Bone marrow histology was the indispensable tool for the differential diagnosis of classic myeloproliferative neoplasms (MPNs) and subtypes. However, the subjectivity of morphological assessment and markedly overlapping pathological features of different subtypes made accurate diagnosis challenging and controversial. In this study, we developed Clinical, deep learning (DL) and Fusion diagnosis models based on clinical parameters, whole slide images (WSI) based deep learning algorithm using hematoxylin-eosin (HE) staining bone marrow specimen and combination of both for the diagnosis and differentiation of MPNs (Figure 1).

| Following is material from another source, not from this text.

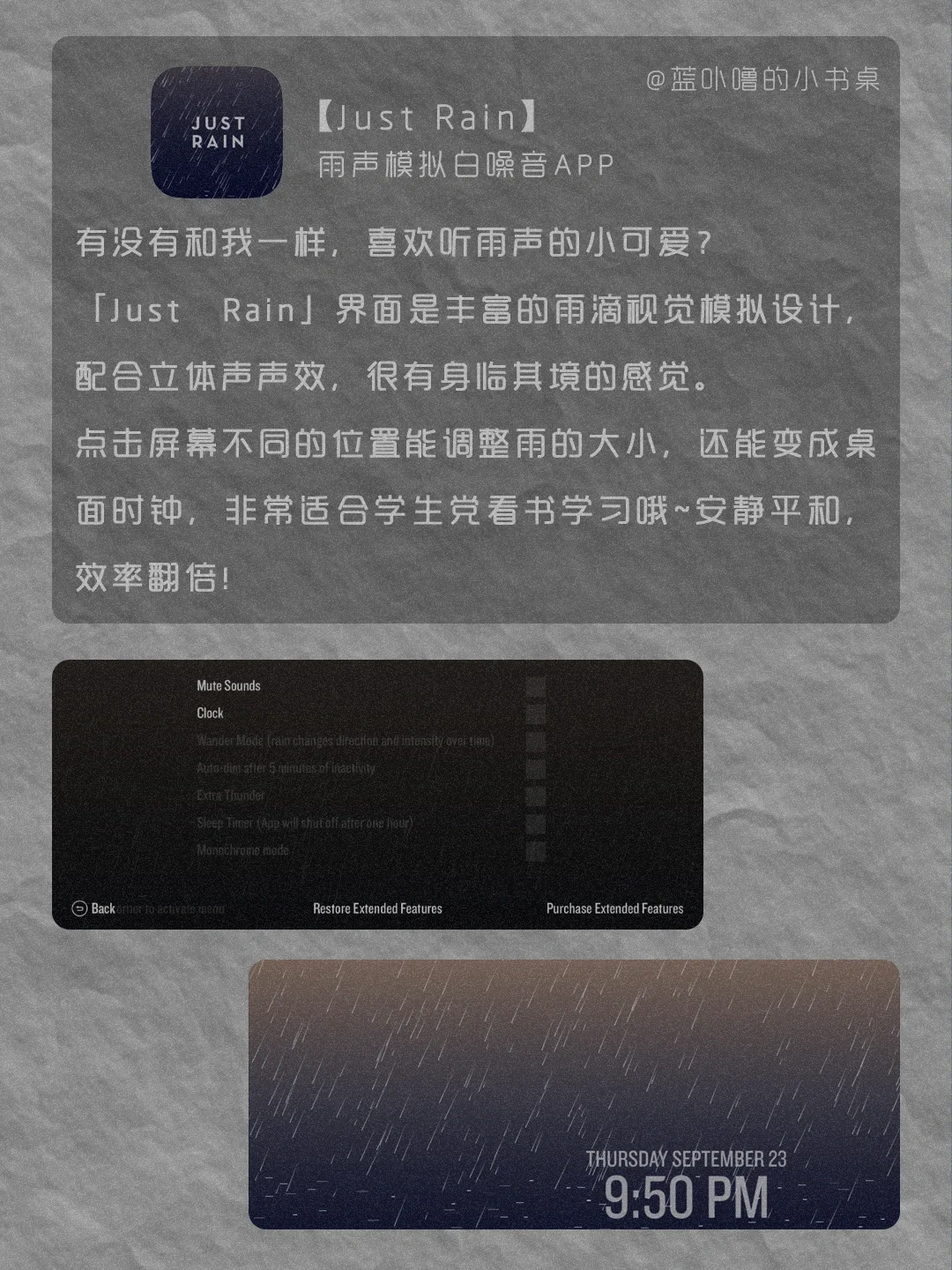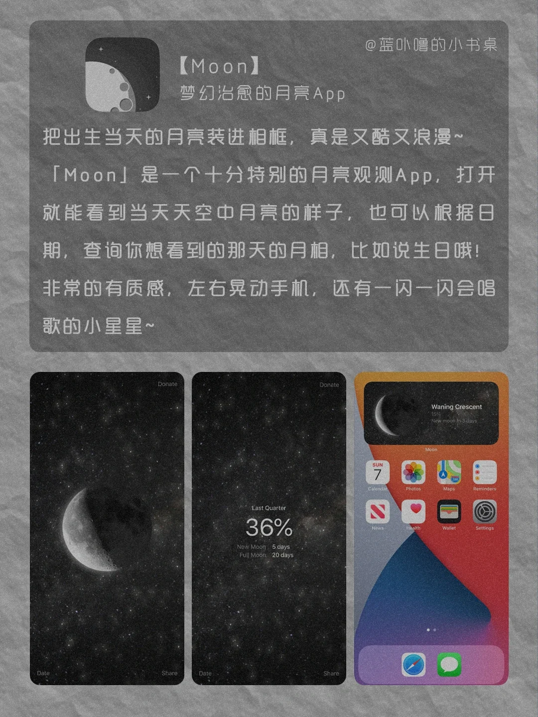 大家好呀,我是蓝卟噜的小书桌[自拍R][自拍R] 一些黑黑酷酷的小众实用App, 让你的手机多一点态度,独一无二的高级感🔝🔝 ▪️波点音乐 ▪️Fimo ▪️青藤之恋 ▪️Conquer ▪️Moon ▪️iArtbook ▪️JustRain 💫我们终将上岸 阳光万里💫
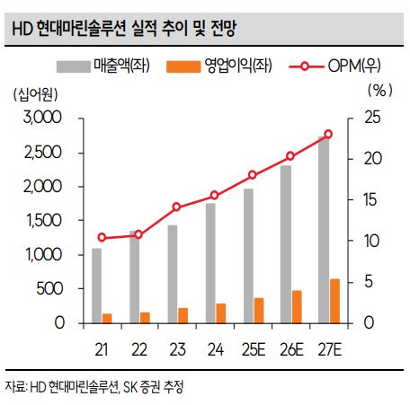 SK증권은 20일 HD현대마린솔루션에 대해 4분기 시장 기대에 부합하는 실적을 기록한 가운데, AM·친환경·디지털 솔루션의 중장기 성장성과 오버행 우려 완화를 고려하면 현 주가 수준은 매수 기회라며 투자 의견을 '매수'로 유지하지만 목표 주가는 27만 원으로 하향했다.

1,051 MPN patients from seven medical centres were enrolled in this study and divided into training, internal testing, internal validation and two external validation cohorts (called combined validation cohort totally). In combined validation cohort, Fusion model performed best in distinguishing MPNs with non-MPN controls with the AUC 0.931 (95%CI: 0.891-0.971). For PV identification, Clinical model achieved the highest AUC with 0.975 (95%CI: 0.960-0.991). Fusion model made best performance in the identification of ET and prePMF, with the AUC 0.887 (95%CI: 0.850-0.925) for ET and 0.899 (95%CI: 0.851-0.947) for prePMF. Misclassified prePMF cases into ET group reduced from 26 (60.5%) in Clinical model to 5 (11.6%) in Fusion model. Consistently, the number of ET cases (N=70, 95.9%) who were misclassified into prePMF in Clinical model reduced to 4 (5.5%) in Fusion model. These results indicated that our Fusion model may have clinical utility in assisting to identify ET and prePMF. Moreover, Fusion model could distinguish overt PMF effectively with AUC 0.980 (95%CI: 0.961-0.999) even with prePMF, and only 3 (7.5%) prePMF cases misclassified into PMF group, suggesting that our machine learning model had high sensitivity in feature identification and extraction.
Next, we compared the performances of the deep learning models with three junior hematopathologists with less than five years of clinical experience and three senior hematopathologists with more than 10 years of experience. 20 cases for each subtype and 20 non-MPN controls, in total 100 cases, were randomly selected from the pool of validation sets with truth label blinded. All the hematopathologists reviewed data and image of 100 patients independently, in parallel with model implementation. Clinical model achieved the highest AUC with 0.925 (0.843-1.000) for PV, which was equivalent with senior hematopathologists (0.929, 0.878-0.979) (difference, 0.004, P=0.8500), while higher than junior ones (0.850, 95%CI: 0.787-0.913) (difference, -0.075, P=0.0007). Fusion model (for ET, 0.806, 95%CI: 0.700-0.913; for prePMF, 0.860, 95%CI: 0.741-0.979) performed better than junior hematopathologists in ET and prePMF identification (for ET, 0.707, 95%CI: 0.539-0.876, P=0.0720; for prePMF, 0.694, 95%CI: 0.564-0.825, P=0.0203), and comparable with senior ones in prePMF and ET identification (for prePMF, 0.787, 95%CI: 0.591-0.984, P=0.2190; for ET, 0.877, 95%CI: 0.860-0.896, P=0.1719). In overt PMF diagnosis, Fusion model (0.952, 95%CI: 0.898-1.000) tended to achieve better performance than both junior (0.850, 95%: 0.774-0.926, P=0.1202) and senior observers (0.823, 95%CI: 0.581-1.000, P=0.0608). The effect sizes could inform future study design for validation.
In conclusion, we developed and externally validated the deep learning models for MPNs diagnosis and subtype differentiation achieving the performances equivalent with senior hematopathologists and better than junior ones. Prospective validation and tool development were underwent to promote the accessibility and feasibility of the proposed models in clinical practice.
Disclosures
No relevant conflicts of interest to declare.